You'd probably globally reduce the costs of medicine if patients were happy to go with the "old" stuff that works just as good but fell out of patent protection. There's also the costs of patients that "discover" symptoms they don't really have. "Yes, sometimes I get nervous!"

Houdini
08-03-2009, 08:54 PM
Yes, please Big Government - protect us from information. We need your loving guidance lest we become confused.

I have a few friends that are doctors. They hate these commercials because patients come to them and say "I want you to prescribe _________" instead of "I have ________ problems." I tell them to grow a pair. If I try to suggest a course of action to my doctor, he very pleasantly ignores me and gives his advice, and that's to my benefit.


Agreed. I think Australia is the only other country that allows public marketing for Rx drugs, but I'm getting sicker and sicker (no pun intended) of the expanding government.

I do have many, MANY patients that come in asking for a particular drug. I also have MANY MANY patients that come in with a checked-off list of side effects from whatever meds they're taking. "Irritability...I have that! Tiredness, I have that! Insomnia, I have that! Sleeping to much (same patient), I have that!" They even complain of side effects the cannot pronounce nor define - often the same side effects noted in the trials to be present in placebos.

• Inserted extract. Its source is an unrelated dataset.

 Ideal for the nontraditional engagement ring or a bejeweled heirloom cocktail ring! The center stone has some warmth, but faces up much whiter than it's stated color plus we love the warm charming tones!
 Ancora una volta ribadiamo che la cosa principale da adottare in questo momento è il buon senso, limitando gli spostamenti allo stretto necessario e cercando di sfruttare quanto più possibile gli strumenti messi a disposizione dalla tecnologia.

But I really can't criticize the drug companies too much over this. Yes, they have to market to docs, because without them, many of us would not have the time to really find out about these new meds. And docs do not receive kickbacks or any other financial or other incentive after prescribing anything. Right now, all the drug reps can do is maybe provide textbooks or dinners at restaurants with slide-shows and discussions.

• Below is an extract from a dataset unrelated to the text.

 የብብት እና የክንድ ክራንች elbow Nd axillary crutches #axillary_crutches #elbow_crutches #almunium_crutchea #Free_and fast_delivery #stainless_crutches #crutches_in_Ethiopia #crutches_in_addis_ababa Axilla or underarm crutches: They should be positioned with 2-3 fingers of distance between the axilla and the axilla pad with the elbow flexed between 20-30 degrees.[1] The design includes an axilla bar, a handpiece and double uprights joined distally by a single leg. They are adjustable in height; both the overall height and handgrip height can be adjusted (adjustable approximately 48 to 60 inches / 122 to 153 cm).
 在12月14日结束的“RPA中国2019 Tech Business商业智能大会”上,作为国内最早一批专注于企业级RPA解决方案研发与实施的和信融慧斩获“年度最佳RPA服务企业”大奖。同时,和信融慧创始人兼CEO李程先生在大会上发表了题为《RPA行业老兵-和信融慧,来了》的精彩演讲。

Non-docs self-diagnose, most of the time poorly, from information received via internet. They often present with pages of "studies" printed out by some fringe internet group and demand treatments that have not really been studied and make no pharmacological sense.

I'm tired of hearing people complain about fibromyalgia, for example, then complain about side effects of meds they demanded from their primary care docs, who finally refer them to me. Whiny patients who have nothing better to do than obsess over their meds and complain of every potential side effect (curiously, they rarely complain of the side effects of controlled substances) just because some internet site or TV commercial by a drug company or a lawyer says they're supposed to have them.

H

Jeffbx
08-04-2009, 04:40 AM
So, you want them to continue marketing the drugs, but no mention of the side effects?